Medicine spent the last century building progressively more sophisticated tools to catch cancer early. MRI machines. Genomic sequencers. Liquid biopsies. Each one is more complex, more expensive, more out of reach for the billion people who need it most.
Then a startup in Bengaluru asked a different question.
What if the answer was already living in our homes?
What is Dognosis?
Dognosis is a Bengaluru-based deep-tech startup doing something that sounds unlikely until you look at the science, and then it sounds almost obvious. Founded in 2023 by Akash Kulgod and Itamar Bitan, the company trains dogs to detect cancer from human breath samples, pairing that biological detection capability with a custom-built AI system that interprets and scales what the dogs perceive.
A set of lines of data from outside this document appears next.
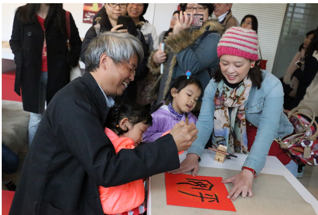
（耶！篆書「平安」完成了！）
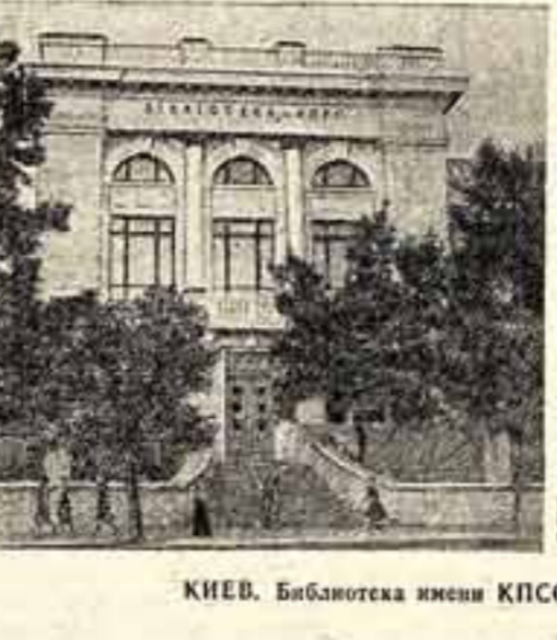
КИЕВ. Библиотека имени КПСС. Новый кинотеатр «Киев».

Государственное издательство политической литературы издало отдельной брошюрой речь Председателя Совета Министров Союза ССР товарища Г. М. Маленкова на Пятой сессии Верховного Совета СССР. Брошюра выпускается тиражом в 5 миллионов экземпляров. (ТАСС).
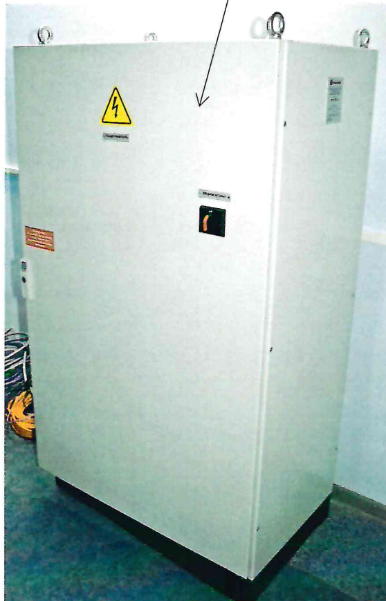
Рисунок 2.1 – Схема (рисунок) с указанием места для нанесения знака поверки средств измерений

Место для нанесения знака поверки средств измерений (передняя стенка станции управления установкой)
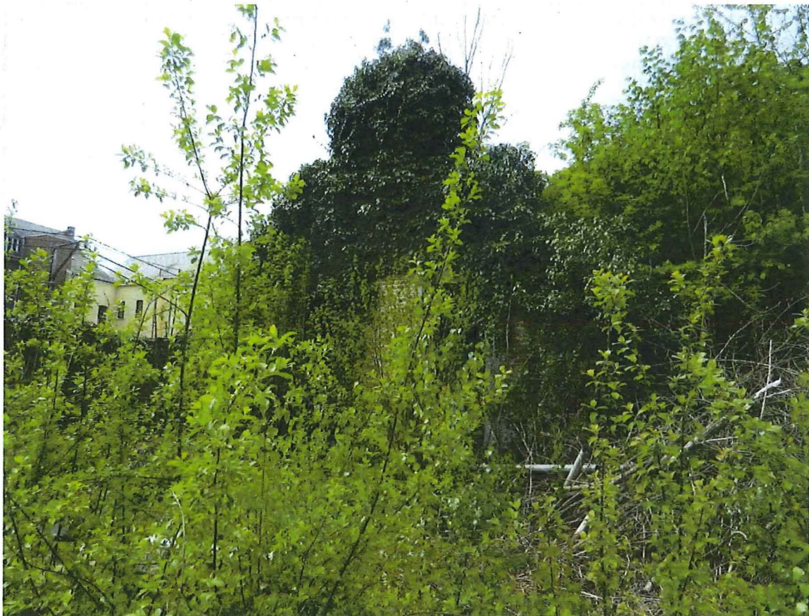
Foto 1: overwoekerd restant van de oostgevel van de boerenwoning.
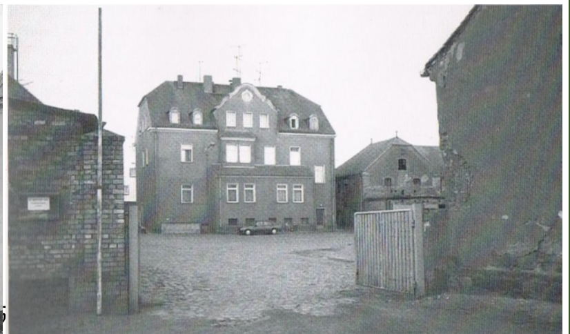
Das Volksgut um 1990
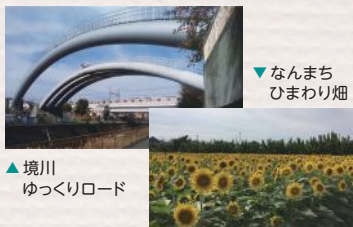
▼なんまち ひまわり畑

自転車歩行者専用道路「境川ゆっくりロード」では、水辺の鳥や川面を見ながらのんびりと進みましょう。ひまわりの畑やアーチ型の橋などフォトジェニックなスポットも。
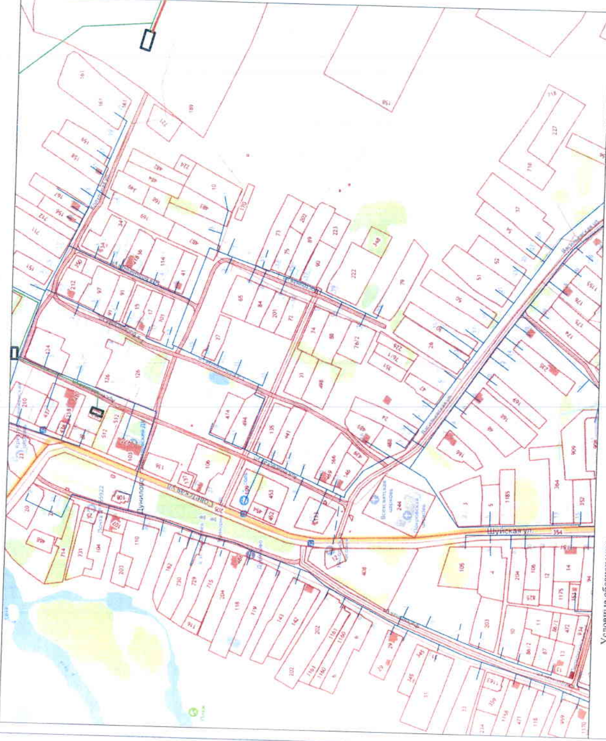
Схема газоснабжения с. Дунилово, лист 2 Шуйского муниципального района

Kulgod grew up in Belgaum in a family of eleven doctors, studied Cognitive Science at UC Berkeley, and built a research career around canine neuroscience. Bitan brought a decade of Special Operations K9 training experience from Israel. Together, they arrived at the same uncomfortable realisation: that the most powerful olfactory sensor ever built had been sleeping at our feet. The company is headquartered on a former pomegranate farm in Nelamangala on the fringes of Bangalore, which tells you something about the culture. This isn’t a startup trying to look like one. It’s a research organisation that happens to be building a product.
The Science Behind the Sniff
Every human body emits a unique chemical signature, a volatile organic compound (VOC) profile carried in breath, sweat, and urine. When cancer develops, it subtly alters that profile. The change is too faint for current sensors. But not for a dog.
A dog’s nose contains roughly 300 million olfactory receptors, compared to around 6 million in humans. More importantly, the part of the dog’s brain dedicated to analysing smell is proportionally 40 times larger than the human equivalent. Dogs can detect odour concentrations at one part per trillion, roughly equivalent to finding a single drop of liquid in twenty Olympic swimming pools.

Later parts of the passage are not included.